Further, with the above structure, there is no contact failure at the contact points, and the operating force of the swing lever can be adjusted easily and accurately. Furthermore, the reliability of the switch operation is improved, and the swing lever can be automatically returned to its original position very easily.

The details will be explained below based on an embodiment of the present invention shown in FIGS. 4 to 7. In FIGS. 4 to 7, the same reference numerals are used for the same parts as in FIGS. 1 to 3.

FIG. 4 is a cross-sectional view showing the state of the knot detection switch according to the present invention before operation (in the fixed position), and shows the outside of the swing lever support shaft 15 that penetrates the switch case 18 and is rotatably supported thereon. The upper end of the swing lever 11 is fixed to the end, and a switch operating body 20 is fixed to the inner end of the case of the support shaft 15. The switch operating body 20
A permanent magnet 29 of appropriate strength is fixed below the tip of the adjusting screw 22, and the tip of the adjustment screw 22 facing the permanent magnet 29 is made of a magnetic material. Therefore, by adjusting the tightening amount of the adjustment screw 22, the magnet 29
The magnetic attraction force between the and adjustment screw 22 changes, and thereby the magnitude of the force that drives the swing lever 11 in the direction of the arrow, that is, the force (attraction force) that holds the swing lever 11 in the fixed position B, is adjusted. Ru. In this embodiment, the tip of the adjusting screw 22 is made of a magnetic material, but a magnet having a different polarity from the magnet 29 may be fixed to the tip of the adjusting screw 22.

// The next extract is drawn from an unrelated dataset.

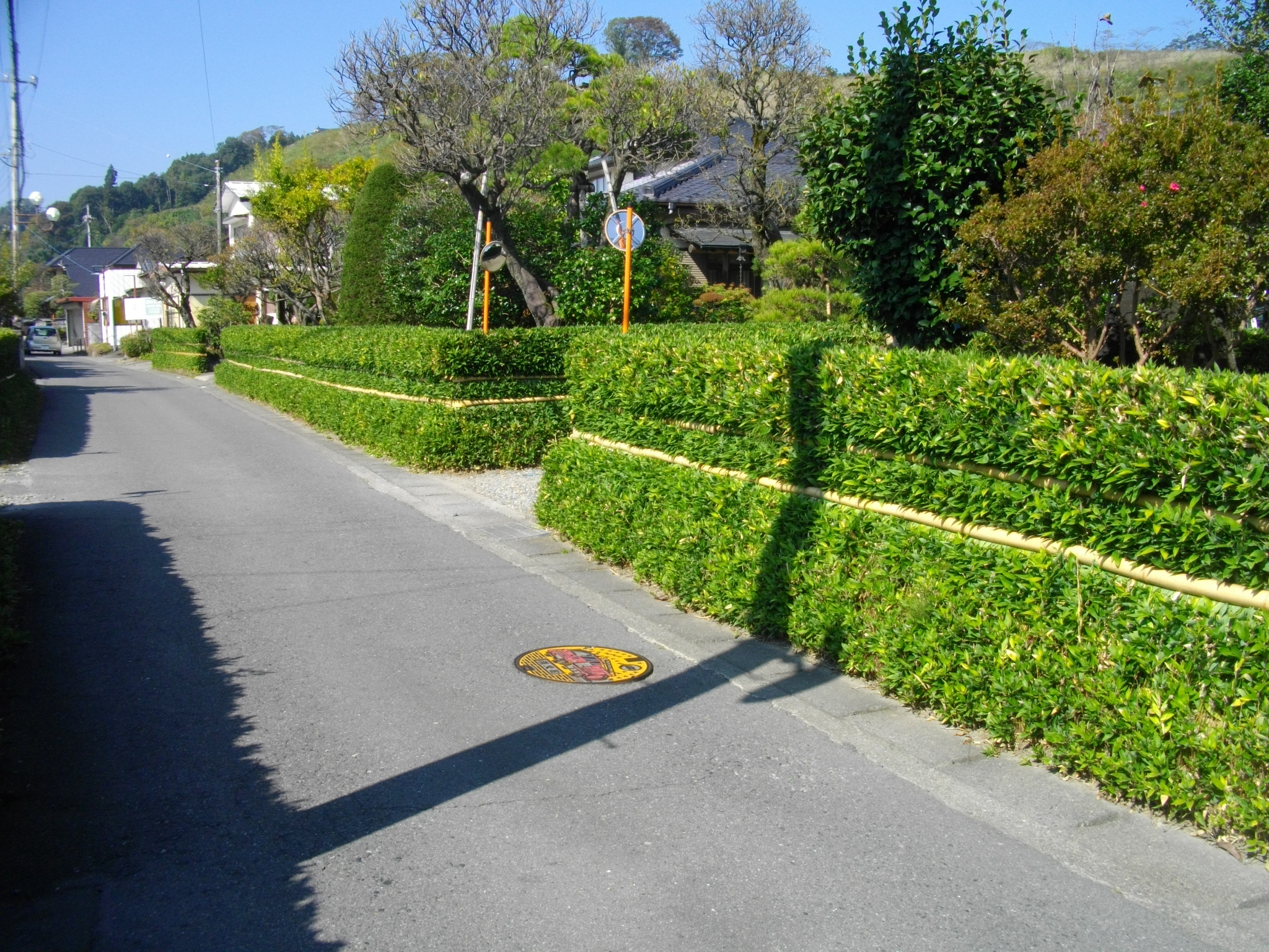 Kanchikugakoi Hedge

Reference numeral 30 denotes a magnetically sensitive element such as a reed switch or a Hall element, and when a permanent magnet 29 fixed to the switch operating body 20 approaches, the contact is opened and closed. In addition, in Figures 4 and 5, 2
6 is an indicator light, 28 is a contact operating piece fixed to the stopper support shaft 16 of the ceiling spring device, 31 is a stopper for the switch operating body, and 32 is a permanent magnet fixed to the contact operating piece.

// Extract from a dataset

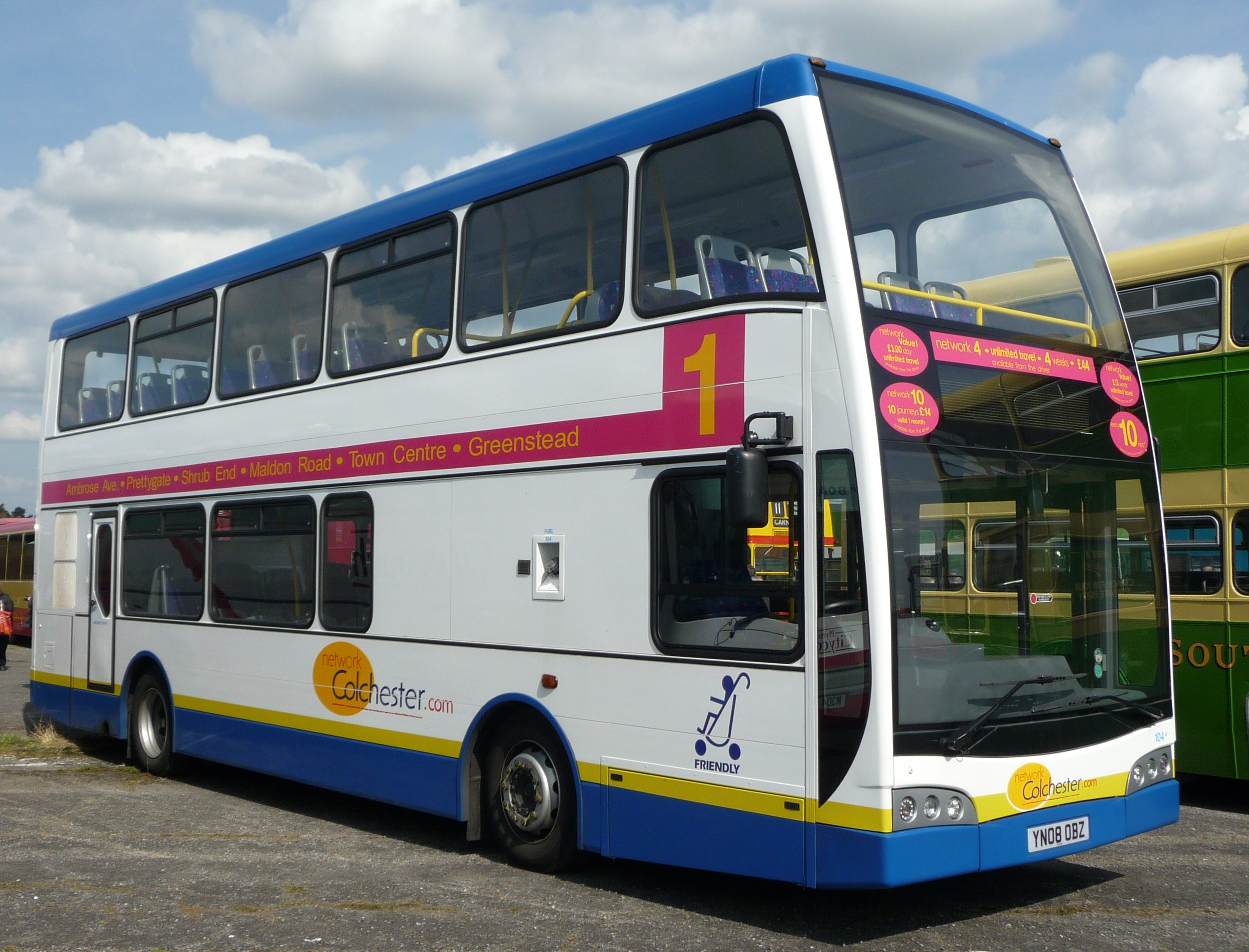 Network Colchester's 104 (YN08 OBZ), a Scania N230UD/Darwen Olympus, at the 2009 Cobham bus rally at Wisley Airfield.

Next, the operation of the knot detection switch according to the present invention will be explained.

As shown in FIG. 4, by adjusting the amount of tightening of the adjustment screw 22, the magnetic attraction force between the magnet 29 on the contact actuating body side and the adjustment screw 22, that is, the force that holds the swing lever 11 in a fixed position, can be increased. , has been adjusted to an appropriate value in advance. Similarly, the gap G through which the knitting yarn A of the swing lever 11 passes is also adjusted to an appropriate value.

Now, when the knot D of the knitting yarn A comes into contact with the swing lever 11, the knot D is attracted to the gap G of the swing lever 11 or moves in the direction of the arrow. At this time, as the swing lever 11 moves, the gap between the magnet 29 and the adjusting screw 22 increases, and the magnetic attraction force, that is, the reaction force acting on the switch operating body 20, rapidly decreases in inverse proportion to the square of the gap. As a result, the swing lever 11 is moved extremely lightly and yet reliably to the switch operation position C, and there is no chance that the knot D will forcefully slip through the gap G and the switch operation will become unstable. None.

When the swing lever 11 rotates to the switch operating position C, the permanent magnet 29 of the switch operating body 20
The magnetically sensitive element 30 is actuated, and the contacts are opened and closed. Further, when the swing lever 11 rotates to the switch operating position C, the gap G rises above the horizontal position of the knitting yarn A. As a result, the knot D is automatically removed from the gap G of the swing lever 11, and the knitting yarn A continues forward. However, since the feeding mechanism for the knitting yarn A is normally stopped at the same time as the detection switch 3 is activated, the knitting yarn A stops at a position where the knot D has slightly advanced forward from the swing lever 11.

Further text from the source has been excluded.